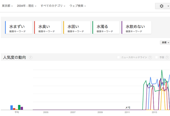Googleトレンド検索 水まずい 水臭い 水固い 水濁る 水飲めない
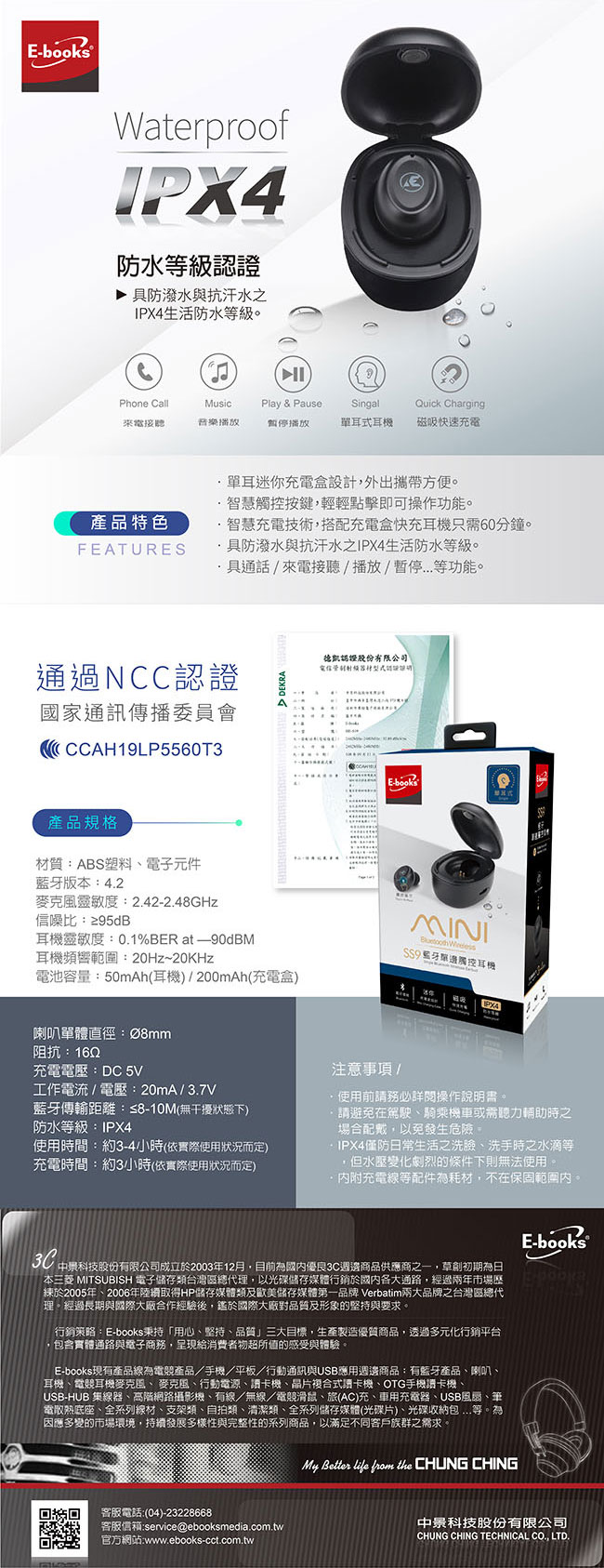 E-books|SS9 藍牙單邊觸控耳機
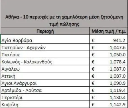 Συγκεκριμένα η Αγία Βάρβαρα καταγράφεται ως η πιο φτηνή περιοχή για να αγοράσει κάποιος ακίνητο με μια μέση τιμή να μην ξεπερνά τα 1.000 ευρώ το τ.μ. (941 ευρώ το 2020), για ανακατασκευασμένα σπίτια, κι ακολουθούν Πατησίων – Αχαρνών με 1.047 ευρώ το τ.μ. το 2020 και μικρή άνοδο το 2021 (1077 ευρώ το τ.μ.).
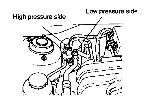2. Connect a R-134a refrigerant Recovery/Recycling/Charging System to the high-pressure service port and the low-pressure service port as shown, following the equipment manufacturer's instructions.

═══

The task >>
Give back all the data exactly, minus pictures.

Written answer >>
Googleトレンド検索 水まずい 水臭い 水固い 水濁る 水飲めない
 E-books|SS9 藍牙單邊觸控耳機
 Συγκεκριμένα η Αγία Βάρβαρα καταγράφεται ως η πιο φτηνή περιοχή για να αγοράσει κάποιος ακίνητο με μια μέση τιμή να μην ξεπερνά τα 1.000 ευρώ το τ.μ. (941 ευρώ το 2020), για ανακατασκευασμένα σπίτια, κι ακολουθούν Πατησίων – Αχαρνών με 1.047 ευρώ το τ.μ. το 2020 και μικρή άνοδο το 2021 (1077 ευρώ το τ.μ.).
2. Connect a R-134a refrigerant Recovery/Recycling/Charging System to the high-pressure service port and the low-pressure service port as shown, following the equipment manufacturer's instructions.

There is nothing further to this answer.